Unixware doc says that kill to self_proc id delivers the signal to the
thread that called it.

For some reason, this backend has 2 threads (can't figure why) and INMHO
kill should be pthread_kill.

I wanted to try but found no way to find the other thread_id.

I need the help of postgresql/thread guru here.

Many thanks
>

-- 
Olivier PRENANT                    Tel: +33-5-61-50-97-00 (Work)
6, Chemin d'Harraud Turrou           +33-5-61-50-97-01 (Fax)
31190 AUTERIVE                       +33-6-07-63-80-64 (GSM)
FRANCE                          Email: ohp@pyrenet.fr
------------------------------------------------------------------------------
Make your life a dream, make your dream a reality. (St Exupery)


Re: Unixware 714 pthreads

From
ohp@pyrenet.fr
Date:
Sorry to follow up my own post.

I made some more tests:
create table foo (f1 int) -- for it not to be removed if if kill the
process

each time I do:
psql template1
template1# set statement_timeout=1000;
SET
template1 select block_me();

it works ok

if i do it a second time in the same session, blockme() never returns

I wonder if handle_sig_alarm is re-armed after being used or if sleep is
used anywhere in the backend.

Unixware doc for setitimer
(http://www.pyrenet.fr:8458/en/man/html.3C/getitimer.3C.html)
says that "A sleep following a setitimer wipes out knowledge of the user
signal handler"

What can I do next?

Regards
On Wed, 27 Oct 2004 ohp@pyrenet.fr wrote:

> Date: Wed, 27 Oct 2004 13:01:45 +0200 (MET DST)
> From: ohp@pyrenet.fr
> Newsgroups: comp.databases.postgresql.hackers
> Subject: Re: Unixware 714 pthreads
>
> Dear Bruce,
>
> Thanks for your reply, I was desperate I did'nt get one!
>
> As I said, I'm quite sure there is a bug in pthread library, Before saying
> this to SCO, I have to prove it. Postgresql is the way to prove it!
>
> What I need is to know where to start from (I'd like to put elogs where
> statement_timeout is processed to see what really happens and why it
> doesn't cancel the query).
>
> Could someone tell me where to look for?

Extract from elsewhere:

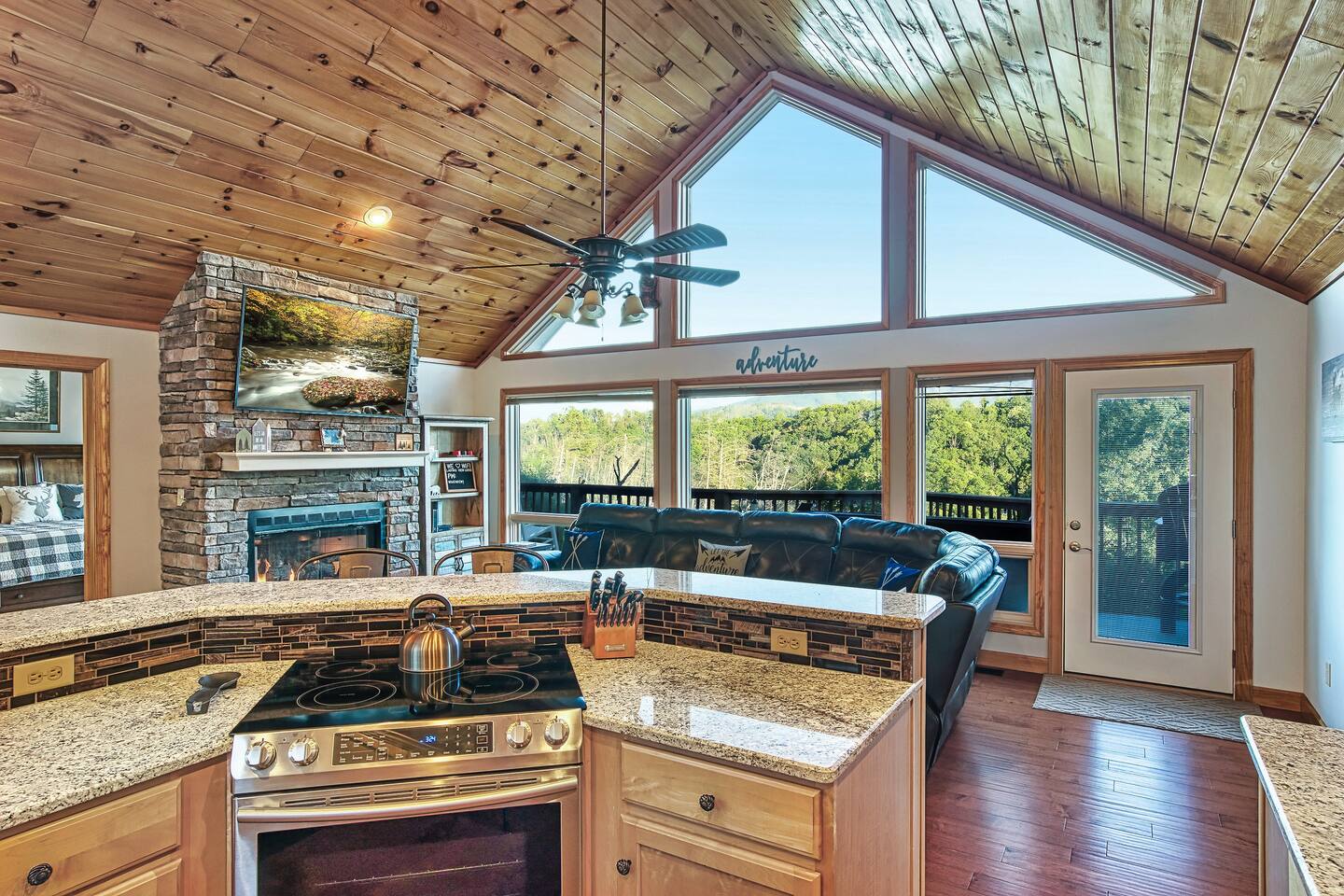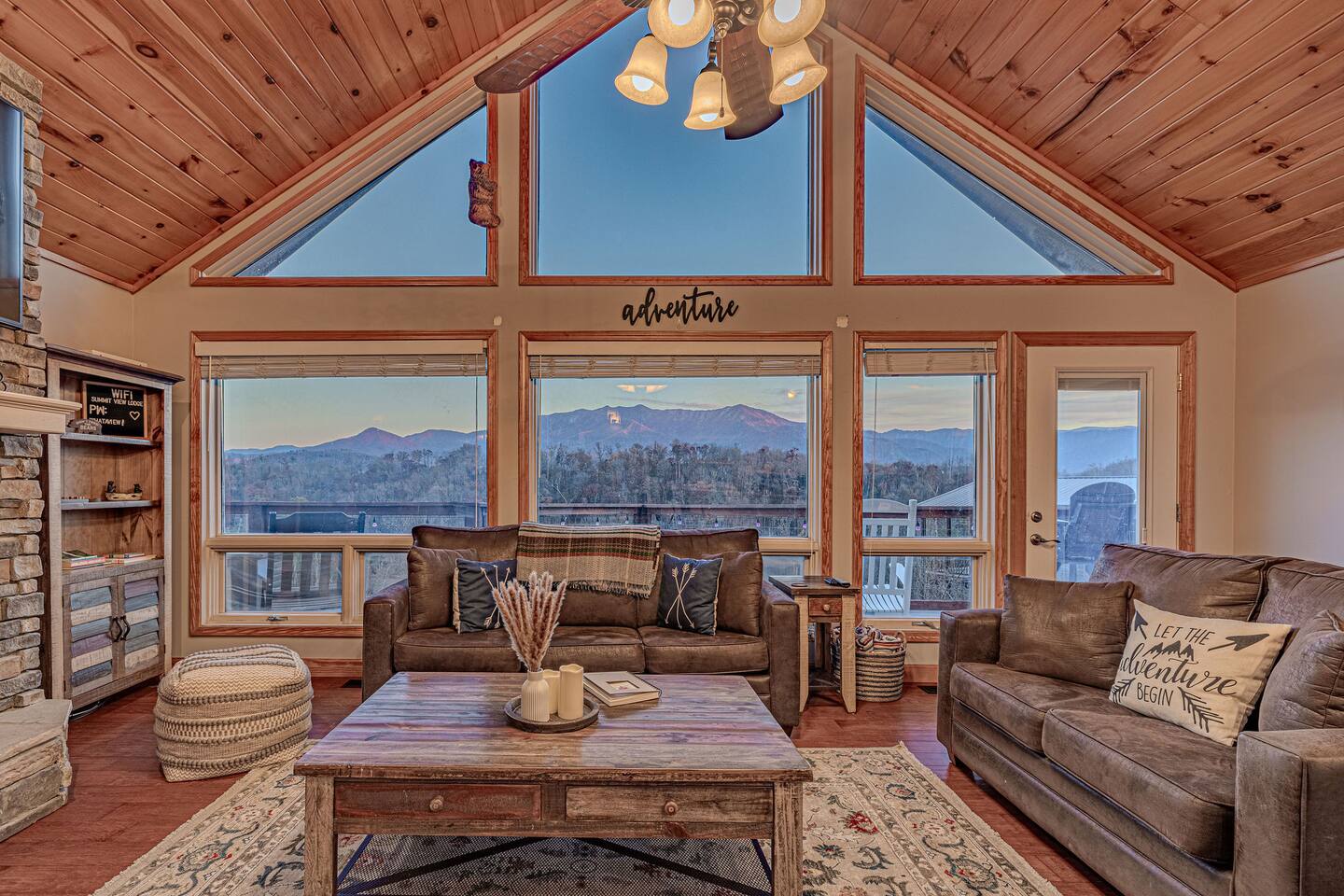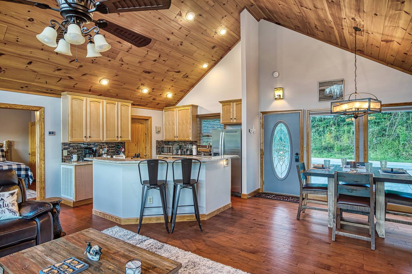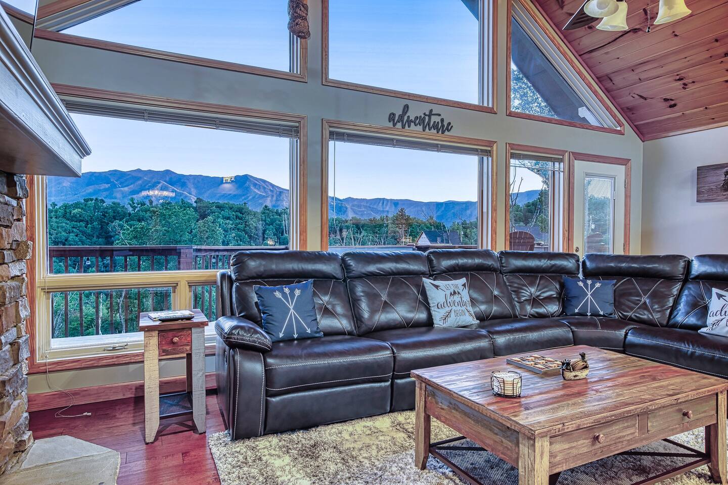 Sleeps 5 ◆ 2 Bedrooms ◆ 1.5 Baths ◆ Open Concept Living Area ◆ Hot tub ◆ Fire pit Perched over Gatlinburg in Chalet Village North, this cabin offers panoramic Smoky Mountain and Mt. LeConte views. Inside, cathedral ceilings, tongue-and-groove walls, and floor-to-ceiling windows frame the mountains perfectly. 🛏️ Bedroom 1 ◆ King bed ◆ Ensuite bath ◆ 55” TV + sound bar ◆ Ceiling fan 🛏️ Bedroom 2 ◆ King bed ◆ Half bath ◆ TV + barrel arcade game ◆ Ceiling fan 🛏️ Comfy sleep sofa in the living room 🛋️ Living Room ◆ Stone fireplace ◆ 55” TV ◆ Wall of windows ◆ Sleep sofa and love seat 🚿 Bathrooms ◆ Ensuite in bedroom 1 ◆ Half bath in bedroom 2 🍲 Kitchen ◆ Fully Equipped (incl. baking sheet, blender, kids' table settings) ◆ Stainless Steel appliances ◆ Wine glasses ◆ Keurig coffee + Tea station ◆ Microwave & toaster 🌄 Large deck with rocking chairs ◆ Panoramic Mountain Views ◆ Fire pit ◆ Hot tub ◆ High-top table ◆ Propane grill (out front)

If anyone is interessed in
> debugging this issue with me, I can set up  an account on a test unixware
> machine.
>
> TIA
>  On Tue, 26 Oct 2004, Bruce Momjian wrote:
>
> > Date: Tue, 26 Oct 2004 17:59:17 -0400 (EDT)
> > From: Bruce Momjian <pgman@candle.pha.pa.us>
> > To: ohp@pyrenet.fr
> > Cc: pgsql-hackers@postgresql.org
> > Subject: Re: [HACKERS] Unixware 714 pthreads
> >
> >
> > The only help I can be is that on Unixware (only) the backend is
> > compiled with threading enabled.  This might be showing some thread
> > bugs.
> >
> >
> > ---------------------------------------------------------------------------
> >
> > ohp@pyrenet.fr wrote:
> > > Hi every one,
> > >
> > > I need help to debug the problem I have on Unixware 714 and beta3.
> > > postgresql make check hangs on plpgsql test when compiled with
> > > --enable-thread-safty.
> > >
> > > It does hang on select block_me();
> > >
> > > This select should be canceled by the set statement_timeout=1000, instead,
> > > the backend is 100% CPU bound and only kill -9 can kill it.
> > >
> > > It works ok when compiled without -enable-thread-safty.
> > >
> > > I've tried almost every thing I could think of, but not knowing so much
> > > about threads and PG source code, I request that someone can help me as to
> > > find a way to debug this. It worked up until beta2, but I'm not sure
> > > block_me()was there.
> > >
> > > I really need someone to tell me where to begin.
> > >
> > > TIA
> > >
> > > --
> > > Olivier PRENANT                    Tel: +33-5-61-50-97-00 (Work)
> > > 6, Chemin d'Harraud Turrou           +33-5-61-50-97-01 (Fax)
> > > 31190 AUTERIVE                       +33-6-07-63-80-64 (GSM)
> > > FRANCE                          Email: ohp@pyrenet.fr
> > > ------------------------------------------------------------------------------
> > > Make your life a dream, make your dream a reality. (St Exupery)
> > >
> > > ---------------------------(end of broadcast)---------------------------
> > > TIP 9: the planner will ignore your desire to choose an index scan if your
> > >       joining column's datatypes do not match
> > >
> >
> >
>
>

-- 
Olivier PRENANT                    Tel: +33-5-61-50-97-00 (Work)
6, Chemin d'Harraud Turrou           +33-5-61-50-97-01 (Fax)
31190 AUTERIVE                       +33-6-07-63-80-64 (GSM)
FRANCE                          Email: ohp@pyrenet.fr
------------------------------------------------------------------------------
Make your life a dream, make your dream a reality. (St Exupery)


Re: Unixware 714 pthreads

From
Tom Lane
Date:
ohp@pyrenet.fr writes:
> if i do it a second time in the same session, blockme() never returns

> I wonder if handle_sig_alarm is re-armed after being used

No.  Why should the signal handler need re-arming?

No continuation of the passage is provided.